Is This Utopia? A Look at Fox’s New Series
Despite my awareness of the possible negative effects of watching TV — antisociality, heightened materialism, “brain-rot,” etc. — I still do it. For one reason, as fans of the The Wire or Breaking Bad explain, television has gotten really good, approaching cinematic levels of quality. But more importantly, when taken in moderate doses, with a reasonable amount of detachment, it can create enjoyment. So, after a conversation with a friend whom I respect (or used to, anyway, hehe) — and given my interest in the subject — on a Sunday when I had a little time to kill, I began watching Utopia.

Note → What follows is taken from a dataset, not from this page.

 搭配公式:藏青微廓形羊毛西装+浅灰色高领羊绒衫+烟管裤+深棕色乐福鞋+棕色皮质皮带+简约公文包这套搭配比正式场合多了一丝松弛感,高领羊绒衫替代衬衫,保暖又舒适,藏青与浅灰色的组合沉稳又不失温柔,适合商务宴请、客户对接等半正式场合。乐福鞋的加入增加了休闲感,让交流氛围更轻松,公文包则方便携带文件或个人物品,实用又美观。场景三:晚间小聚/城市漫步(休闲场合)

Fox’s reality show, naturally, rests on a ridiculous premise. (Or as my friend explained as a disclaimer, “It’s stupid . . . but entertaining.”) The set-up: fifteen people live together on a remote compound for a year, trying to survive and create an ideal society. The producers picked people with widely varying attitudes toward gardening styles, eating habits, spirituality, modesty, temperament, and of course, government. They began with arbitrarily setting constraints (a wooden crate’s worth of personal belongings, shelter and livestock but no electricity or plumbing, visitors allowed but no outgoing visits, etc.) and a collective $5,000.
Predictably, in the first month since the show premiered, little ground has been broken beyond the model first manufactured (and perennially rehashed) by MTV’s The Real World. The cast eats regularly, has found ways to make a little more money, and no one has died or killed someone else yet; they’ve survived. They talk, occasionally make love, and argue — a lot. Various discussions have taken place and ideas been floated about creating an ideal society, but most of the energy has focused on survival (and that, mostly through financial transactions with the outside world) and managing emotions.

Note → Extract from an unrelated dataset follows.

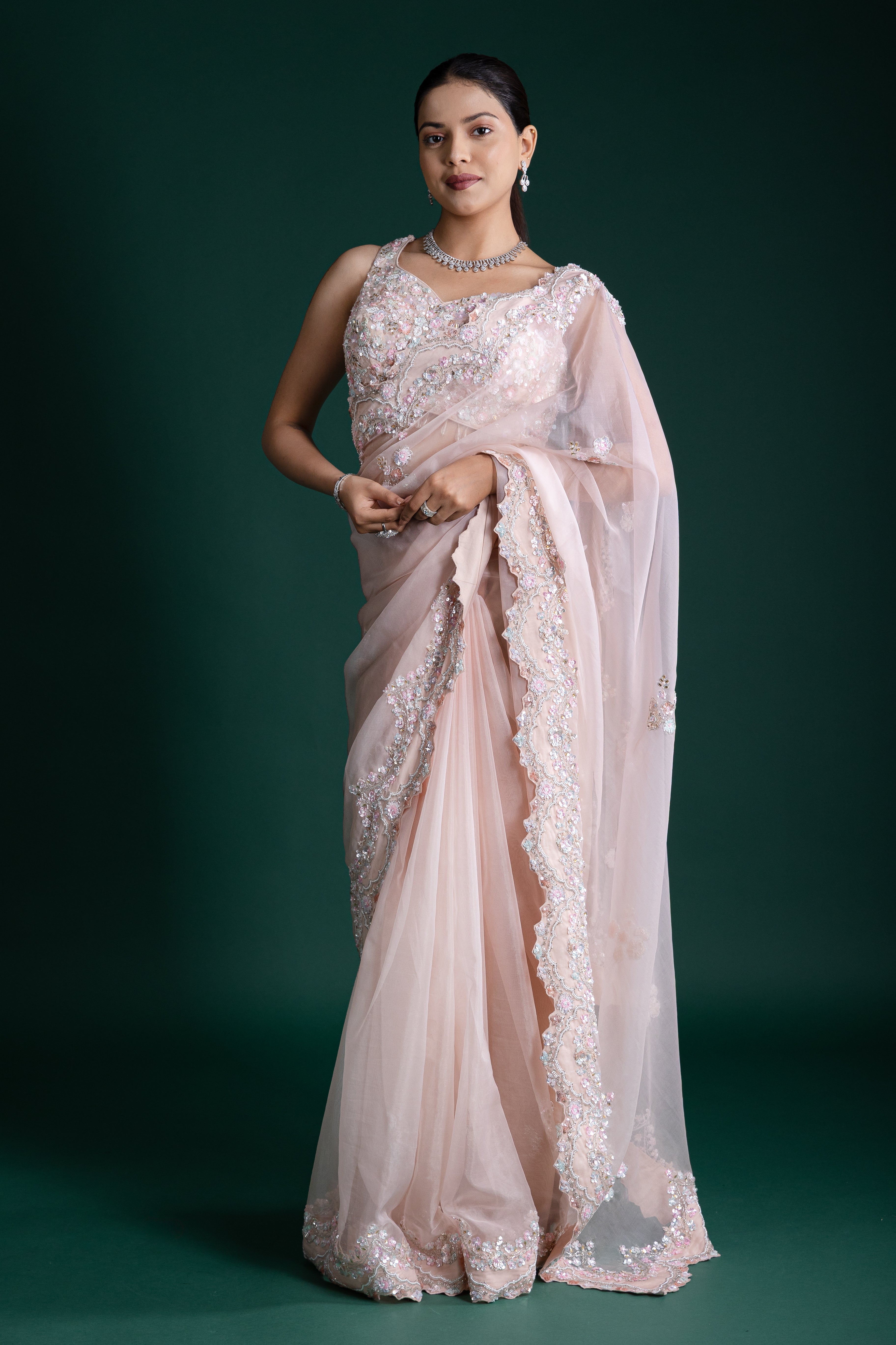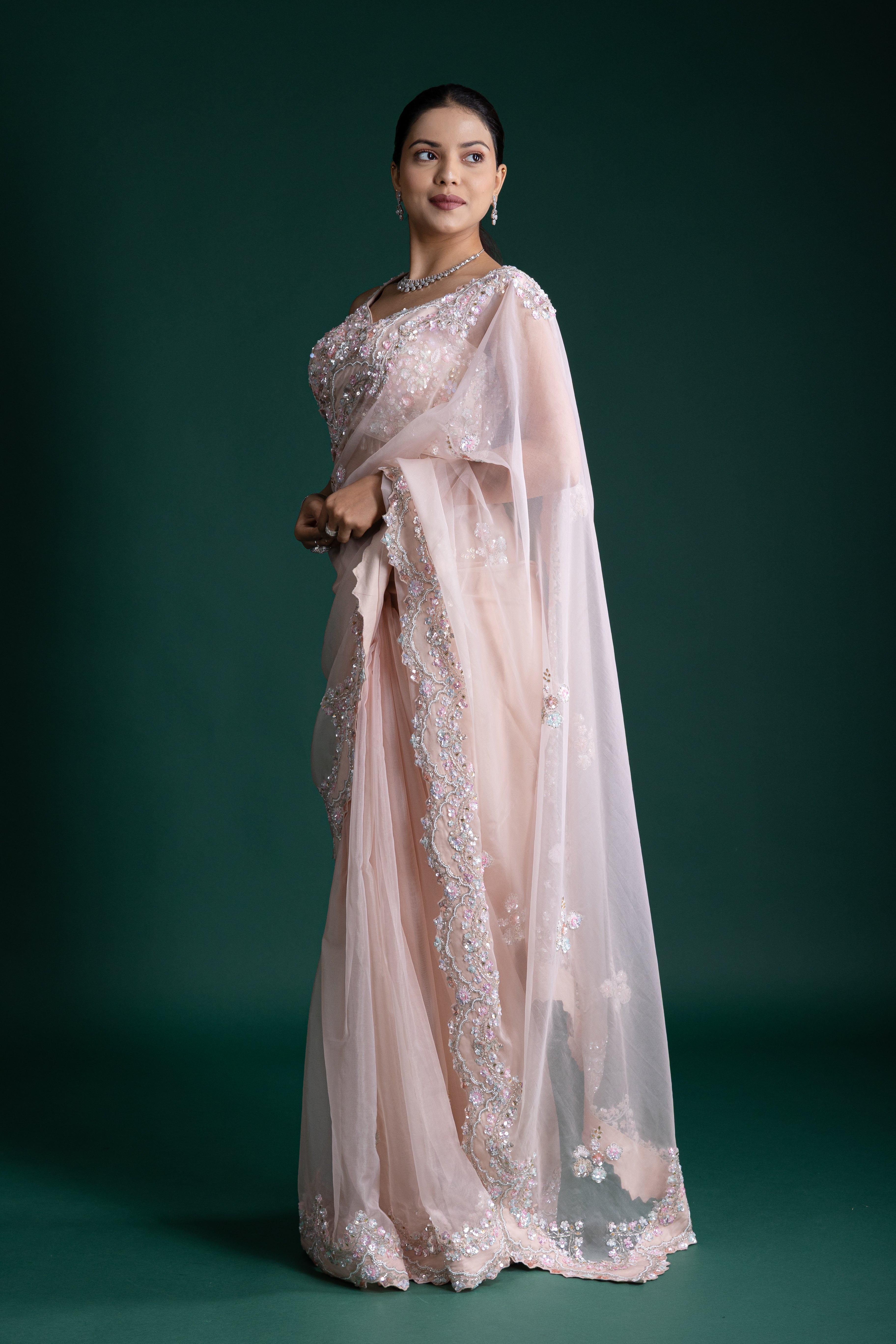 This blush pink net saree sparkles with intricate sequin detailing, creating a dreamy, romantic look ideal for evening wear and sophisticated celebrations.

It makes sense. Bringing together people from such disparate backgrounds under such an arbitrary set of circumstances, would not seem to create anything substantial — and it does not. But that result in and of itself may prove Utopia‘s most worthwhile contribution to society. Not that in order to create a better life, one must necessarily unite with people of similar backgrounds and temperaments. Rather, in conducting that experiment blindly, the subjects of Utopia have so far merely produced a microcosm of the world outside . . . a world that barely works, in which survival and making peace constitute the best possible outcome.
From a practical standpoint, what can we learn from this experiment/spectacle? Again, I would not argue that a small group of people with different beliefs and attitudes cannot come together and live well. But what seems of utmost most importance — and what essentially has not been demonstrated in Utopia — is the need for open-minded communication.
The Fox show presents its subjects as each having an individual Utopian ideal — one that often finds itself completely at odds with the ideals of other subjects. The producers, again, probably did this on purpose to create drama — the bedrock of reality-entertainment. But in actual reality (that is, outside of the TV screen), we, as producers of our own lives, have the option not to let individual ideals prevent us from creating better lives for ourselves.
We can talk about the benefits and drawback of various gardening methods. We can learn to try different foods. We can discuss various beliefs and spiritual matters and practices — and live communally — without seeing eye to eye on them. Simply put, we have the conditions in place to conduct experiments far more exciting and productive than do the Utopians who we watch on TV.